Помнится такой эпизод. Шел январь иди февраль 1951 года. Колхозы укрупнили, и парторганизацию основали за четыре километра от нашей деревни, в Игнатьевой.
Отец собрался на партийное собрание туда. Мать принялась его отговаривать, мол, и мороз на улице, и ноги у тебя худые (ноги у отца сильно болели, ходил, опираясь на клюшку), но отец не слушал ее. Ушел. Вскоре поднялась пурга. Ледяной ветер едва не сбивал с ног.
Наступила полночь. Темень, жуткие завывания вьюги. Отца нет и нет. Мать стала переживать, посылать меня встречать отца: ведь надо было идти через поле три километра, а там ни деревца. Легко заблудиться, сбиться с пути, увязнуть в снегу. Честно говоря, не хотелось и нос высовывать на улицу от теплой печки, но мать была настойчива, и я стал собираться, в это время хлопнула входная дверь, и отец, закуржавевший, с обледенелыми бровями, ввалился в дом. Мы бросились его раздевать, мыть стала растапливать железную печурку, чтобы согреть чай. Ворчала:
– Когда, старый, за ум возьмешься?
– Молчи, мать, – еле шевеля губами, сказал отец, – надо!
Вспоминается такой, очень характерный для отца эпизод. Год 1946-й. Колхоз «Трактор» на грани полного упадка. Трудно с тяглом, а надо приступать к весновспашке. Отец от зари до зари мотается по полям.
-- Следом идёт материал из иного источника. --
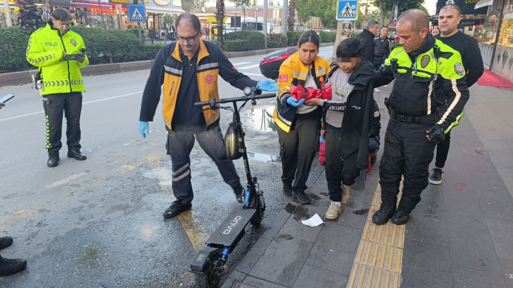 Manavgat'ta yayalara yol vermek için duran midibüse arkadan çarpan elektrikli scooter sürücüsü yaralandı.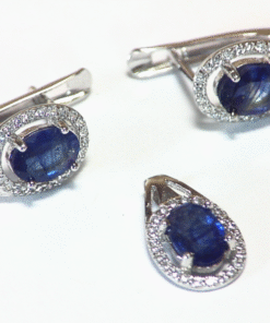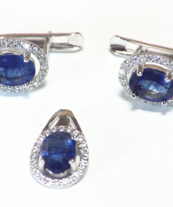 This is A Natural Genuine Blue Sapphire country of origin is Sri Lanka. This genuine Gemstones are set in sterling silver Pendent and matching pair of earrings.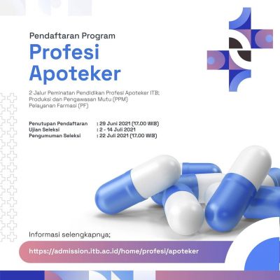 Pendaftaran Program Profesi Apoteker 2 Jalur Peminatan Pendidikan Profesi Apoteker ITB; Produksi dan Pengawasan Mutu (PPM) Pelayanan Farmasi (PF) Penutupan Pendaftaran : 29 Juni 2021 (17.00 WIB) Ujian Seleksi :... Read More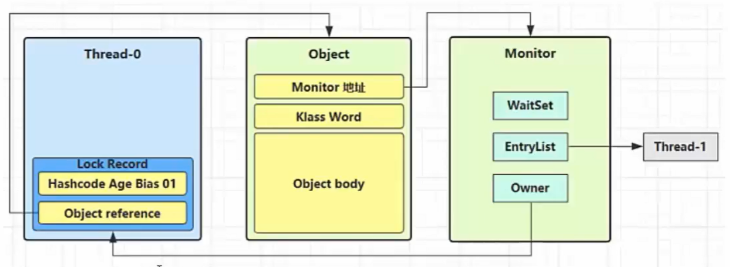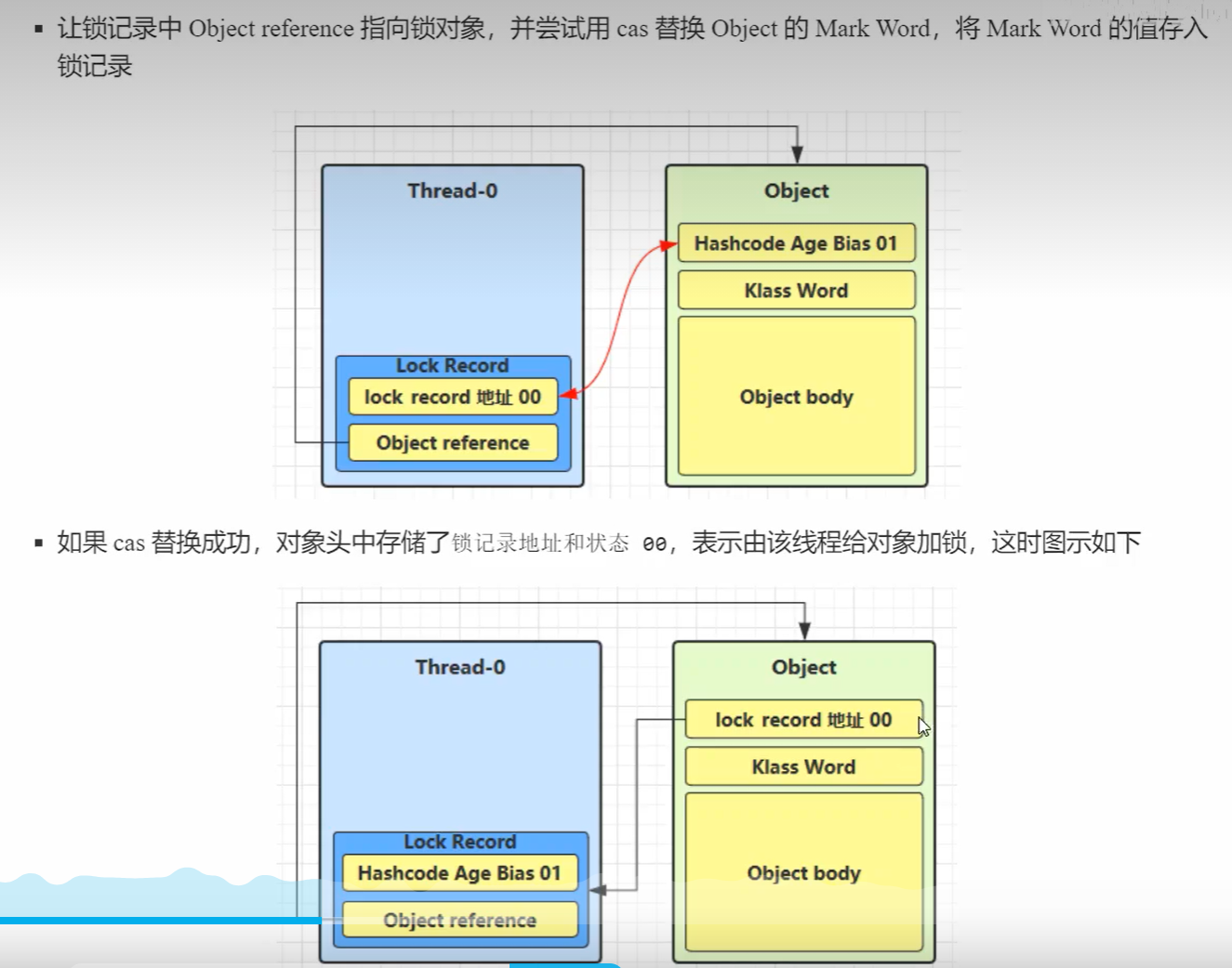 2.如果CAS替换成功,Object对象头中存储线程Thread-0的lock record地址和状态00,表示此时由线程Thread-0给对象Object加锁。

Домой заглядывает, чтобы торопливо проглотить скудный завтрак, или не менее скудный обед, «забывая» иногда про ужин. Мыть пилит отца, ей жалко нас, малолеток, мы копаем лопатами огород в тринадцать соток. Норма полторы-две сотки на брата.
– Замантулил ребятишек… Какой ты председатель? Не можешь в колхозе лошаденку взять, чтобы огород вспахивать…
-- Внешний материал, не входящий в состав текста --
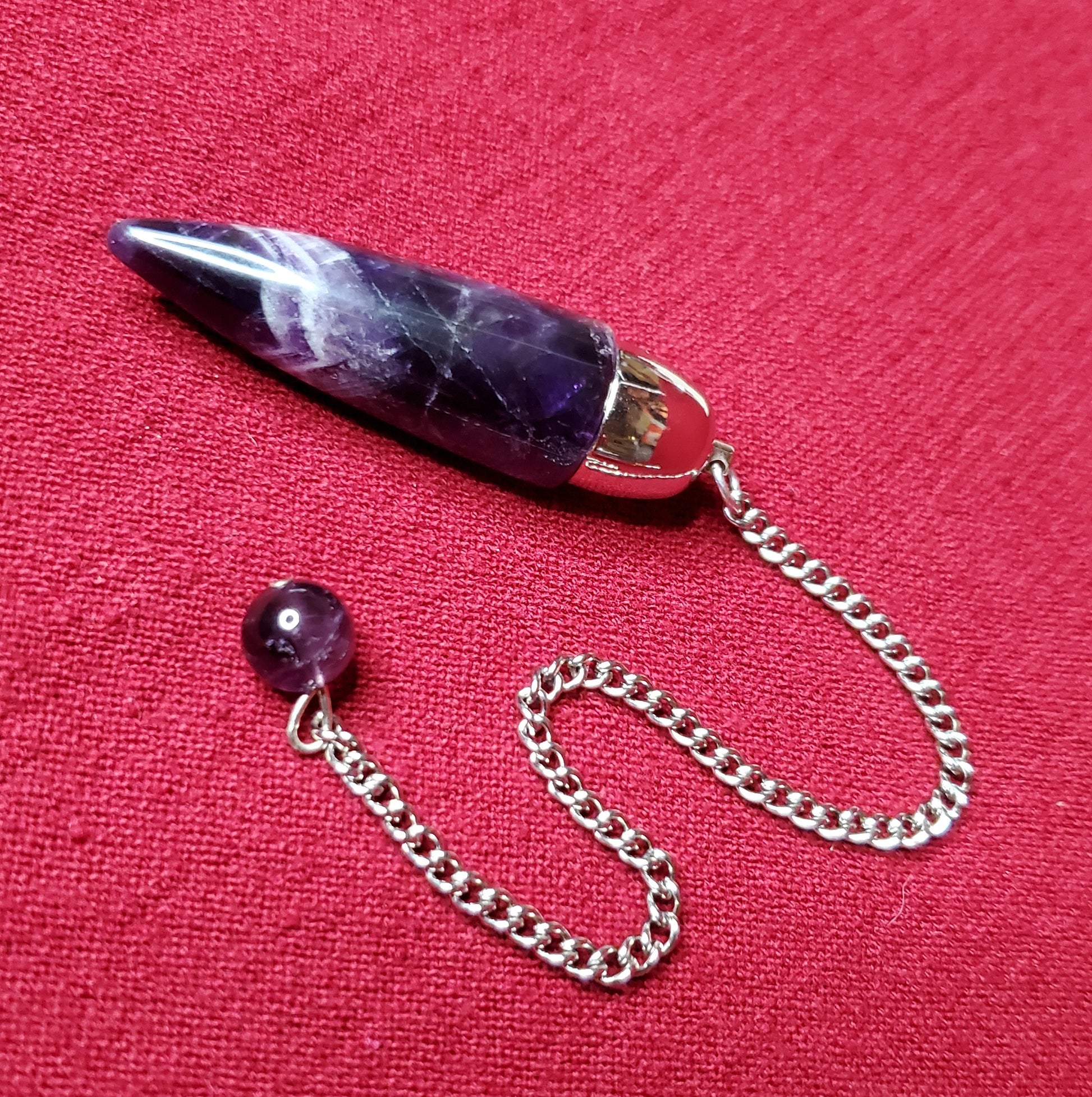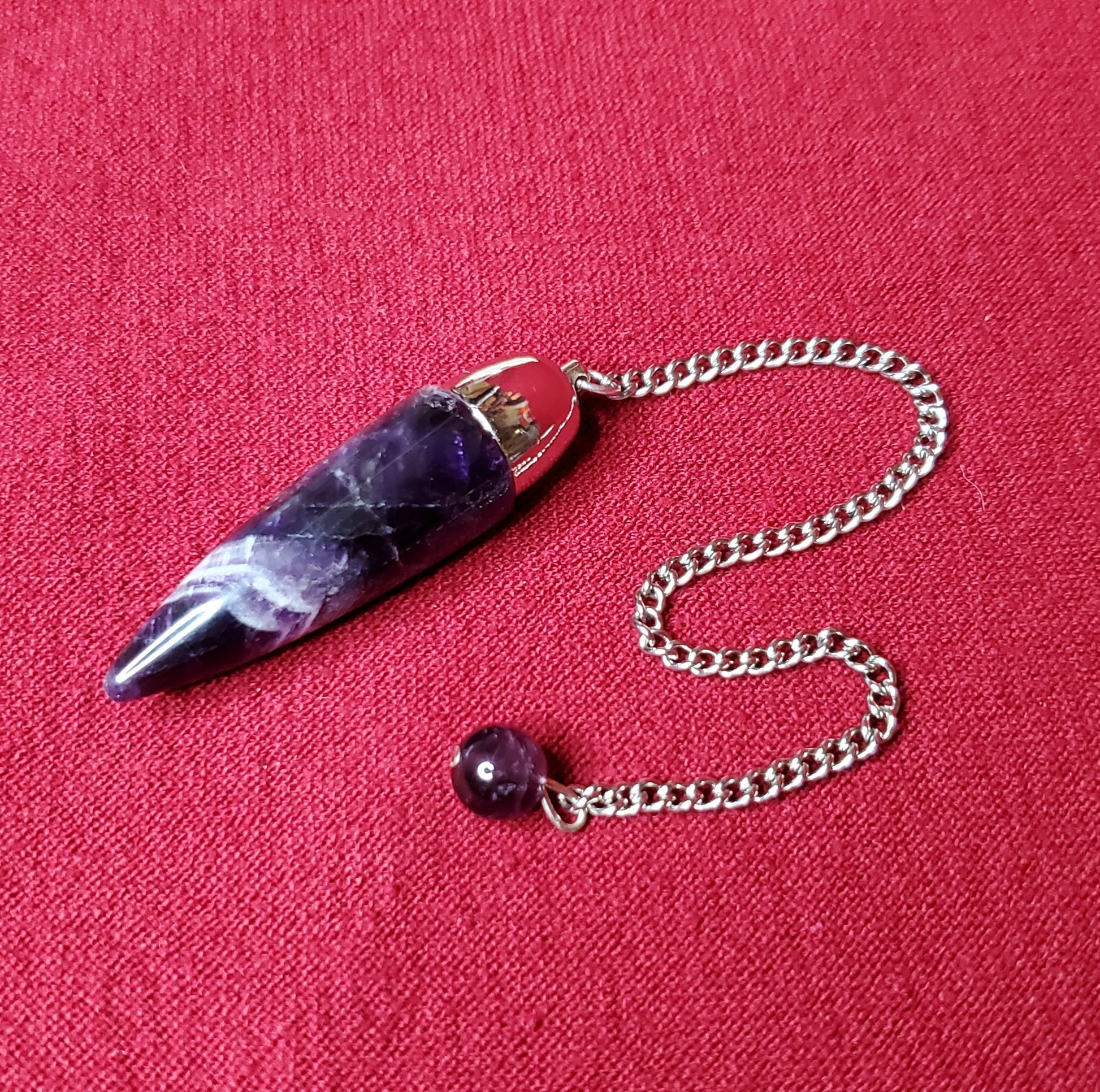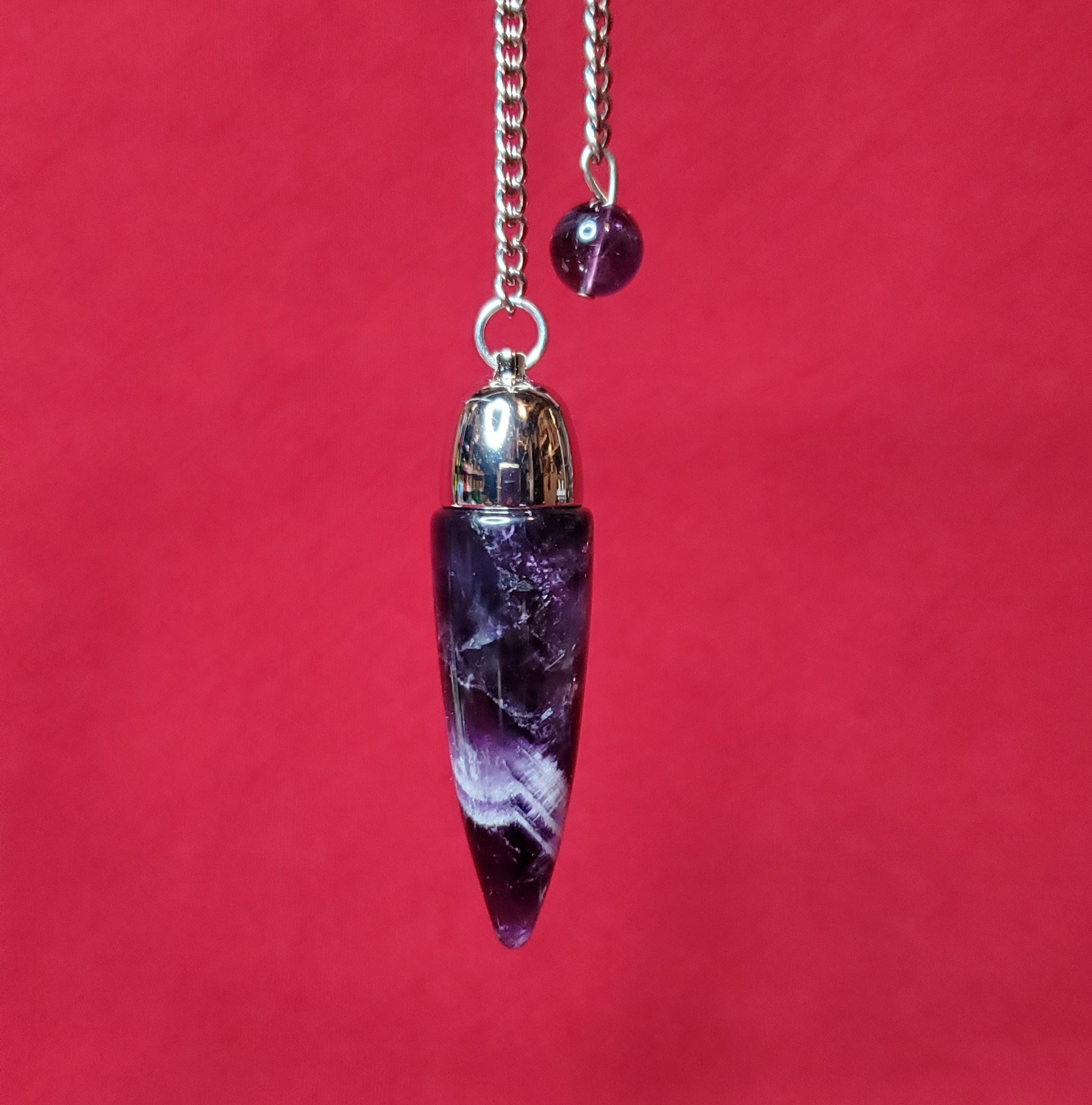 Brazilian Amethyst topped with a surgical grade stainless steel dome and sgss chain. Perfectly balanced and weighted. Amethyst is a stone of spiritual connection, protection, purification, cleansing as well as helping to eliminate bad habits and things that no longer serve us.

– Не могу, мать, – вяло отмахивается отец, – что люди скажут? Ведь они с меня пример берут…
– Пример берут! – всплескивает руками мать. – Да ты последние штаны донашиваешь. В чем ходить-то будешь?
– Ничего, мать, – бодрится отец, – из мешка сошьем…
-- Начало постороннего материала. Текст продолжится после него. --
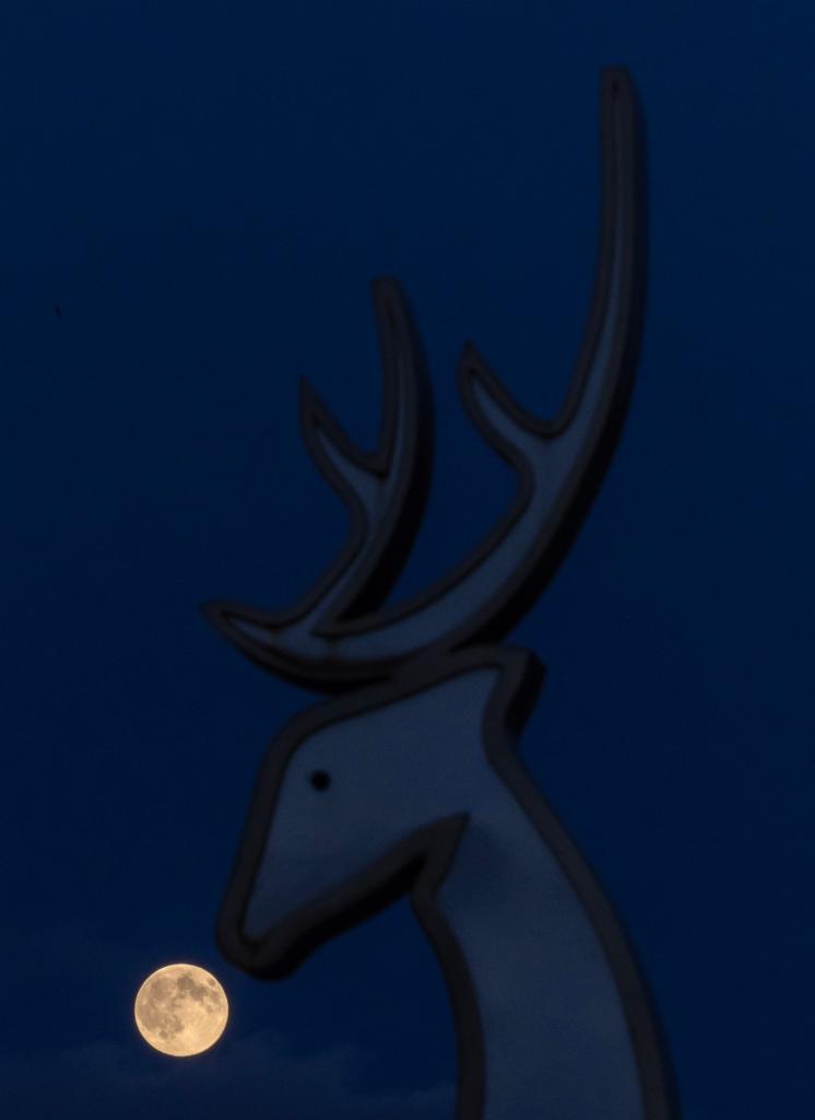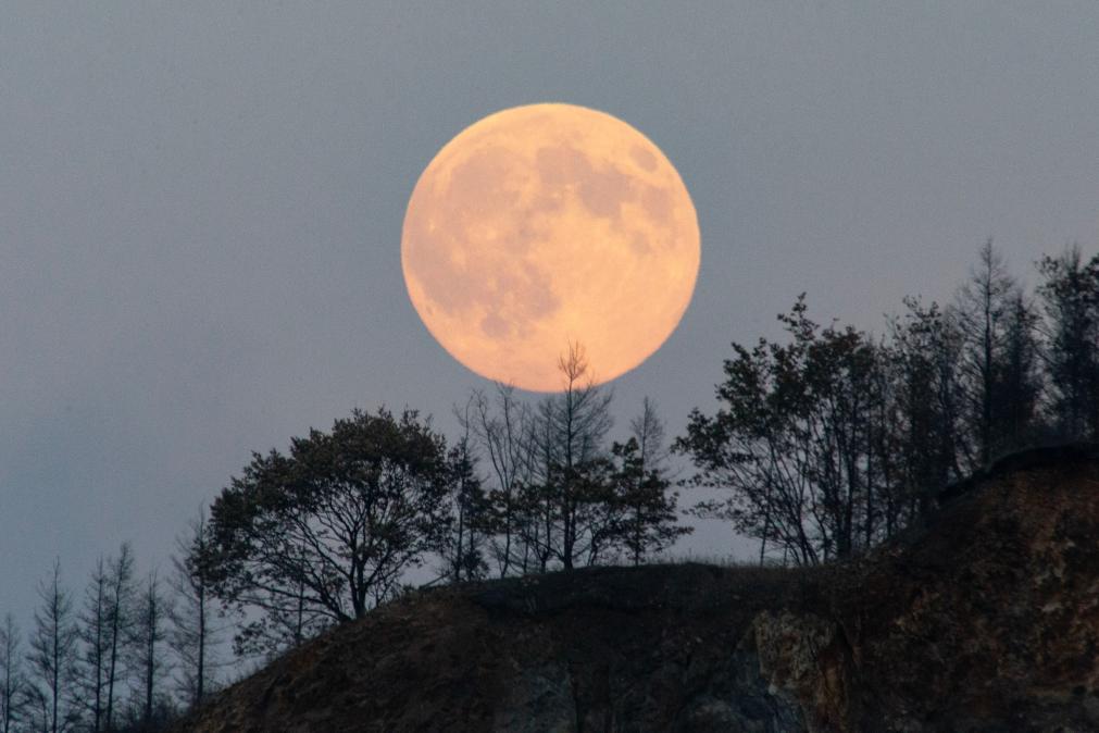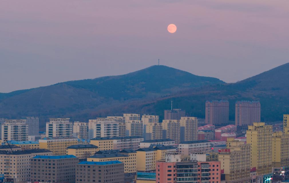 5日、黒竜江省富錦市で撮影した満月。(富錦=新華社配信/曲玉宝)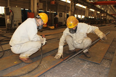 鋼構(gòu)生產(chǎn)車間工人們正在作業(yè)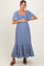Blue Smocked Cotton Flutter Sleeve Maternity Maxi Dress

Таков был отец-коммунист везде и во всем. Меня поражала вера отца в будущее, я видел, каким светом загорались его глаза, когда он говорил с людьми о коммунистическом обществе. Эта вера заражала, вдохновляла в очень трудные военные и послевоенные годы, когда казалось, что нет выхода из бедности, порой нищеты деревенской жизни. Вызывало недоумение то обстоятельство, что после войны жизнь стала еще хуже, чем во время войны. Мы не могли знать, что Сталин дал задание сделать атомную бомбу, а, по словами академика Курчатова, ее изготовление стоило в материальном отношении Великих Отечественных войны. Отец тоже не знал об этом, но верил, свято верил, что все наладится в ближайшее время. Так оно и случилось. Вскоре были отменены карточки, проведена денежная реформа, в магазинах появились кое-какие товары первой необходимости. Народ посветлел лицом, приободрился. Отец после тяжелой операции работал кредитным инспектором в банке, но активной партийной работы на общественных началах не прерывал ни на минуту, стараясь принести посильную помощь в улучшении жизни. Но сказать, что в те годы была очень высокой личная ответственность за использованием государственной техники в корыстных целях. Так был снят с поста председателя райисполкома некто Владимиров за то, что возчик, положенный ему по штату, несколько раз съездил на казенной, как тогда говорили, лошади за сеном, мукой и дровами лично для председателя. Очень строгие наказания были установлены и за другие прегрешения. Моральный облик коммуниста ставился на самую высшую ступень, а его идейный уровень определялся по степени бескорыстия. Попробуем применить подобные критерии в наши дни. Не уверен, что глубина убеждений многих нормам. Буду рад, если ошибаюсь.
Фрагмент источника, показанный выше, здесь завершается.